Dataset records
++++++++++++++++++++

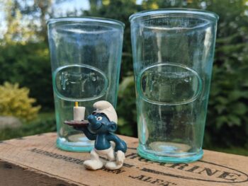Snapseglas i tykt glågrønt glas (sæt af 2)
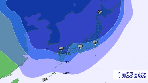 そして、大雪の目安となる-12℃以下が北海道から九州の広い範囲を覆い、さらに強い-15℃以下の寒気が西日本の一部に流れ込む予想となっています。
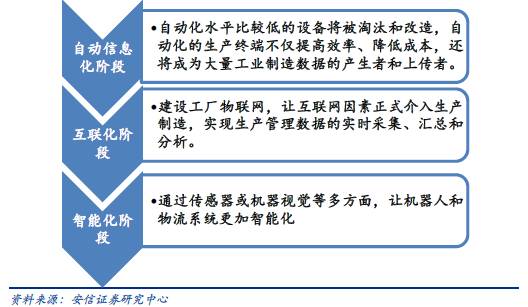 根据我们对行业的实际访谈,得知:智能制造发展不是一蹴而就的,而是“自动信息化”、“互联化”到“智能化”层层递进、演变发展的。产业链涵盖智能装备、工业互联网、工业软件及将上述环节有机结合的自动化系统集成及生产线集成等。
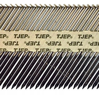 Разновидность гвоздей, созданная специально для деревянного строительства. Оптимальный угол 34° обеспечивает лучшую эргономику и доступ к труднодоступным местам. Использование специальной бумаги позволило исключить осыпание соединительного материала и осколки при забивании молотком, а также обеспечило защиту прибиваемых элементов.
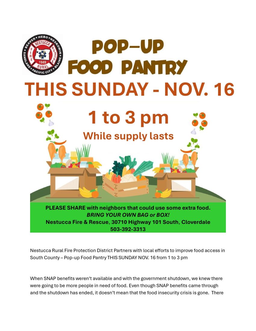 • Nestucca Rural Fire Protection District Partners with local efforts to improve food access in South County – Pop-up Food Pantry THIS SUNDAY NOV. 16 from 1 to 3 pm
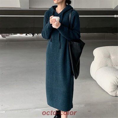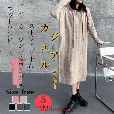 ニットワンピース レディース 40代 マキシワンピース ロングワンピ長袖 無地 セーター Aラインスカート ストラップオシャレドレス シンプル
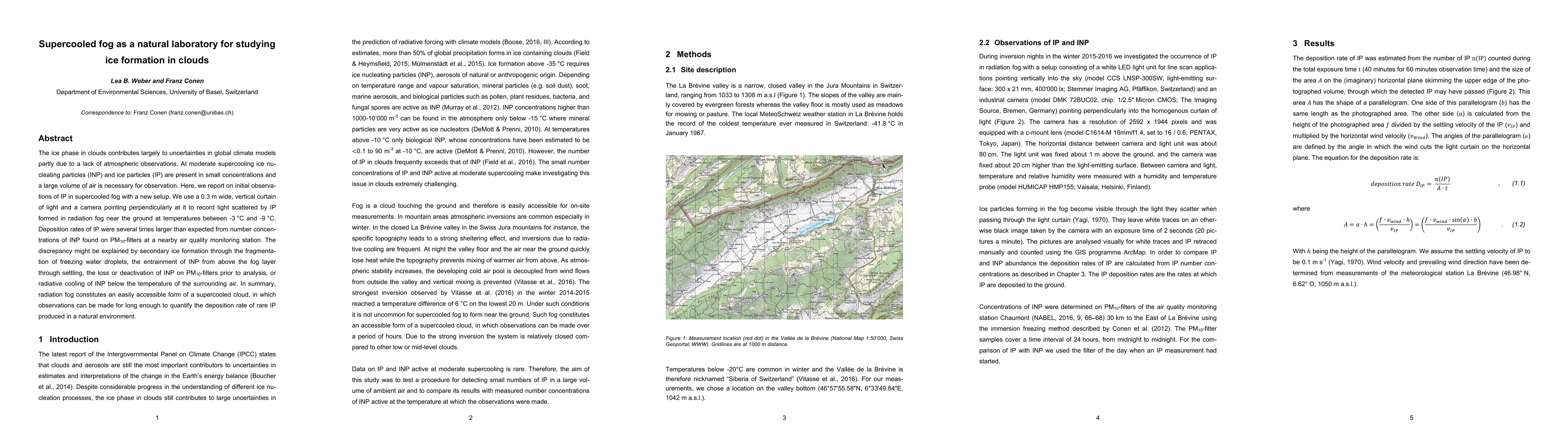The ice phase in clouds contributes largely to uncertainties in global climate models partly due to a lack of atmospheric observations. At moderate supercooling ice nucleating particles (INP) and ice particles (IP) are present in small concentrations and a large volume of air is necessary for observation. Here, we report on initial observations of IP in supercooled fog with a new setup. We use a 0.3 m wide, vertical curtain of light and a camera pointing perpendicularly at it to record light scattered by IP formed in radiation fog near the ground at temperatures between -3 {\deg}C and -9 {\deg}C. Deposition rates of IP were several times larger than expected from number concentrations of INP found on $PM_{10}$-filters at a nearby air quality monitoring station. The discrepancy might be explained by secondary ice formation through the fragmentation of freezing water droplets, the entrainment of INP from above the fog layer through settling, the loss or deactivation of INP on $PM_{10}$-filters prior to analysis, or radiative cooling of INP below the temperature of the surrounding air. In summary, radiation fog constitutes an easily accessible form of a supercooled cloud, in which observations can be made for long enough to quantify the deposition rate of rare IP produced in a natural environment.

++++++++++++++++++++

**Task description**
None of the pictures should be copied, but every record above must be returned exactly.

**Completed task**
Snapseglas i tykt glågrønt glas (sæt af 2)
 そして、大雪の目安となる-12℃以下が北海道から九州の広い範囲を覆い、さらに強い-15℃以下の寒気が西日本の一部に流れ込む予想となっています。
 根据我们对行业的实际访谈,得知:智能制造发展不是一蹴而就的,而是“自动信息化”、“互联化”到“智能化”层层递进、演变发展的。产业链涵盖智能装备、工业互联网、工业软件及将上述环节有机结合的自动化系统集成及生产线集成等。
 Разновидность гвоздей, созданная специально для деревянного строительства. Оптимальный угол 34° обеспечивает лучшую эргономику и доступ к труднодоступным местам. Использование специальной бумаги позволило исключить осыпание соединительного материала и осколки при забивании молотком, а также обеспечило защиту прибиваемых элементов.
 • Nestucca Rural Fire Protection District Partners with local efforts to improve food access in South County – Pop-up Food Pantry THIS SUNDAY NOV. 16 from 1 to 3 pm
 ニットワンピース レディース 40代 マキシワンピース ロングワンピ長袖 無地 セーター Aラインスカート ストラップオシャレドレス シンプル
The ice phase in clouds contributes largely to uncertainties in global climate models partly due to a lack of atmospheric observations. At moderate supercooling ice nucleating particles (INP) and ice particles (IP) are present in small concentrations and a large volume of air is necessary for observation. Here, we report on initial observations of IP in supercooled fog with a new setup. We use a 0.3 m wide, vertical curtain of light and a camera pointing perpendicularly at it to record light scattered by IP formed in radiation fog near the ground at temperatures between -3 {\deg}C and -9 {\deg}C. Deposition rates of IP were several times larger than expected from number concentrations of INP found on $PM_{10}$-filters at a nearby air quality monitoring station. The discrepancy might be explained by secondary ice formation through the fragmentation of freezing water droplets, the entrainment of INP from above the fog layer through settling, the loss or deactivation of INP on $PM_{10}$-filters prior to analysis, or radiative cooling of INP below the temperature of the surrounding air. In summary, radiation fog constitutes an easily accessible form of a supercooled cloud, in which observations can be made for long enough to quantify the deposition rate of rare IP produced in a natural environment.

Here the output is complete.